08 dezembro 2015

A nossa negritude



E tive uma experiência que mobilizou meu imaginário de tal forma, que por momentos acreditava estar diante de sucessivas etapas da memória coletiva e histórica de nosso país, algo sem um recorte específico, tudo no plano das emoções e de um apanhado mental que envolve os conhecimentos acumulados sobre a nossa cultura. 

Claro que estava sugestionado pela ótima leitura do texto do Alberto da Costa e Silva, mais um sobre a formação do Brasil, População e Sociedade. Enquanto avançava no texto, via o Brasil metonímico diante de mim, pequenos grupos de jovens reunidos em torno de seus murmúrios, discutindo as questões sobre Euclides da Cunha, Paulo Freire, Caio Prado Jr...

Por momentos, não era apenas o bulício das falas e as reflexões sobre as hipóteses sociais, políticas e culturais que construíam, mas a naturalidade das consultas entre os grupos, movidos por dúvidas, não interferi, optei por observar e imaginar os matizes variados, os jogos das cores e das origens, a miscelânea das ocupações profissionais, as esperanças por voos imprecisos, os anseios por consolidar novas realizações.

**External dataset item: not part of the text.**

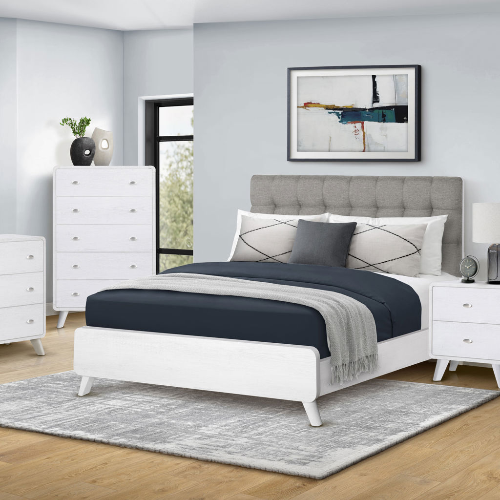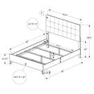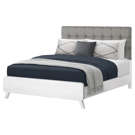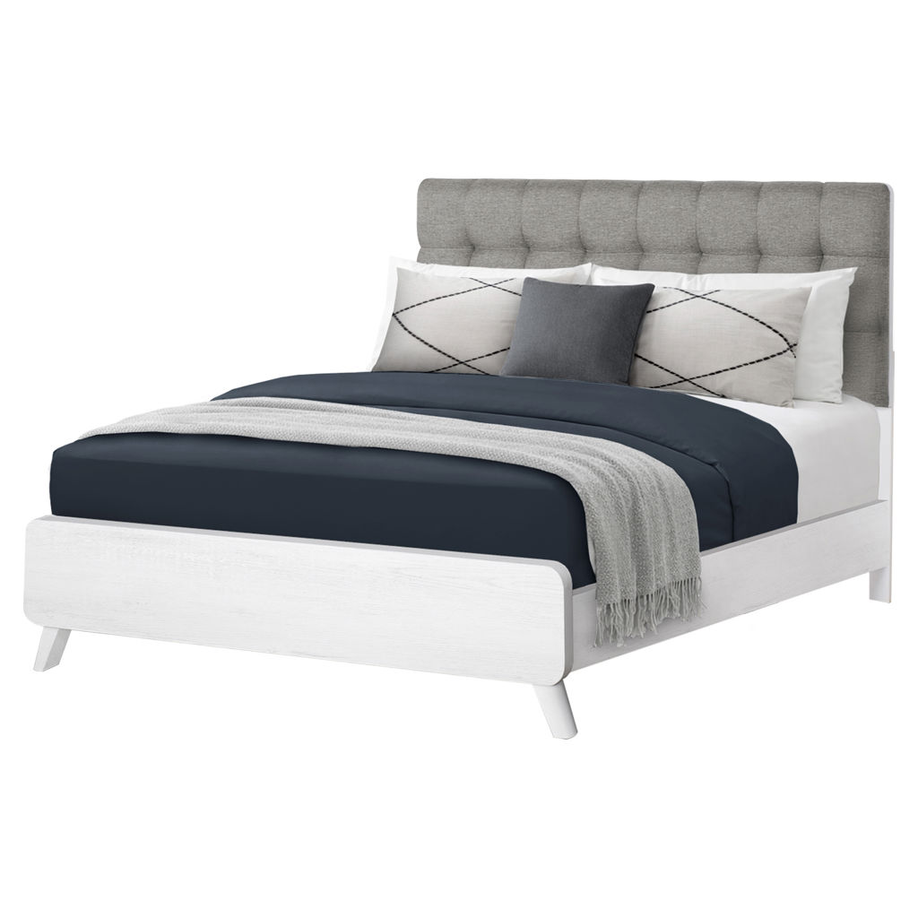 The engineered wood frame in a chic white oak finish creates a sophisticated contrast with the luxurious tufted grey fabric upholstered headboard, making it a striking focal point in any bedroom.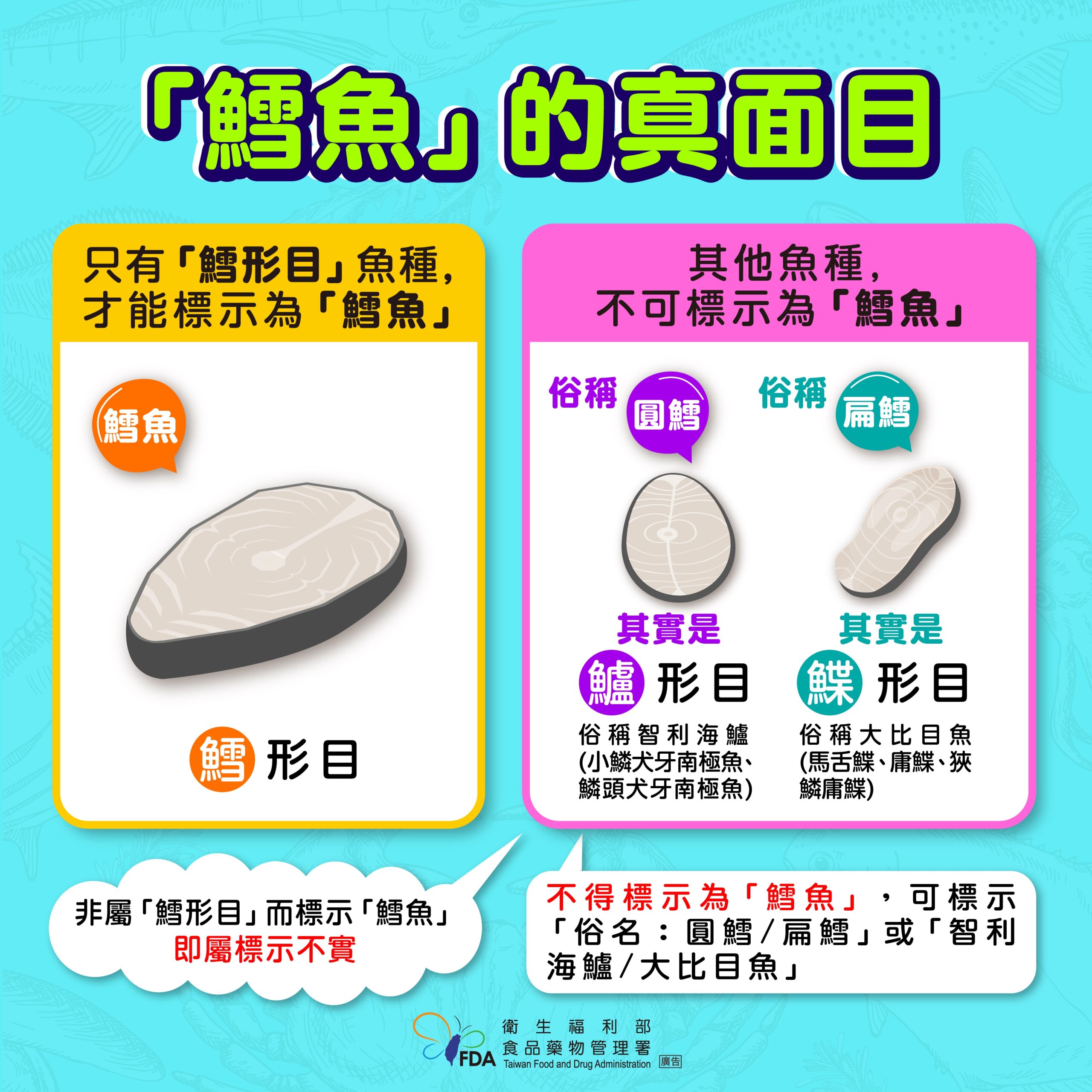 市面上的鱈魚五花八門,最常聽到的「扁鱈」和「圓鱈」兩大類,其實也都不是真的鱈魚,前者屬於「鱸形目」;後者則屬於「鰈形目」。魚體切片上外型有些差異,「扁鱈」顯然以斜切方式處理,斜切以增加魚片的面積,常見就是小塊的扁鱈就是便當或西餐的鱈魚排,而「圓鱈」顧名思義外型會比扁鱈更圓。

Ali estava o corre das ruas no Rio colonial, as vozes dos mercados e das casas, escravos de pé no chão, ex-escravos na viração, calça comprida e camisa de algodão rústico, carregadores, pedreiros, sapateiros (havia muitos), bem como amas de leite, vendedoras ambulantes, as falas de variadas origens africanas, mas que no final prevalecia o português "para o entendimento entre si - uma África já crioulizada, abrasileirada", as mulheres brancas já não mais escondidas no quarto, mas com confiança para frequentar as confeitarias e casas de chá, e as cores dos panos e xales de Cabo Verde, os vestidos pregueados à moda europeia, quizomba divertida e incontrolável, marca de um país que ao contrário da difundida perdição, por suas elites, sempre se reinventa na beleza e dureza de sua diversidade.

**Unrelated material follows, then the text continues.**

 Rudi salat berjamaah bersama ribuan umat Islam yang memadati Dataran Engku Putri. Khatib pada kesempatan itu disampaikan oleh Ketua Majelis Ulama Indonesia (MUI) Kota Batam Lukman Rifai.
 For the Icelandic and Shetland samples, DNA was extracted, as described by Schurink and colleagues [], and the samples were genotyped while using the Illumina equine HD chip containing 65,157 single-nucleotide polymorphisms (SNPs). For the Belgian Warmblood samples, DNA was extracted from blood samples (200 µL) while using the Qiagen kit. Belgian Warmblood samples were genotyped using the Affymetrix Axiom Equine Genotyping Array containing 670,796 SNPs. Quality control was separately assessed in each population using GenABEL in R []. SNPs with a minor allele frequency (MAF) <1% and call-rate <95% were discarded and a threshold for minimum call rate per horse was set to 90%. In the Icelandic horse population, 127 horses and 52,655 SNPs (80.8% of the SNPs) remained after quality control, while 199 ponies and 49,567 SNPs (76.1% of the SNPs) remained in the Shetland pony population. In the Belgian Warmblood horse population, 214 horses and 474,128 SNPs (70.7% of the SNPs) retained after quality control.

Eu vi tudo isso naqueles corpos performáticos, à minha frente, e encerro porque é preciso encerrar, com uma breve descrição do último grupo que deixou a sala, quase à última hora: três jovens negros muito falantes, que perdiam o tempo da prova para inserir lembranças e falas da casa, da mãe e da avó sempre às voltas com os afazeres domésticos, e logo as sonoras risadas, que podiam ser do entretenimento da rua do Brasil Colônia, em alguma casinhola de sopapo, taipa de mão, no breu da noite, à espera do novo dia de labuta intensa... mas logo recobravam a discussão do texto Procissões, Hip Hop e Cosplay, representações da negritude em teatralidades públicas, escrito por mim e Mônica Nunes, no afã de descrever o protagonismo do negro em nossa cultura. 

O que significava aquilo tudo? Sabiam que havia uma sutil continuidade, um deles levanta a mão e se dirige de forma assertiva para mim, "seria legal retomarmos aquele assunto novamente, professor"... E por fim terminam um tanto extasiados pela discussão do tema, entregam a prova ainda conversando entre si, e o mesmo rapaz acrescenta, "professor, quanta coisa importante para pensar...".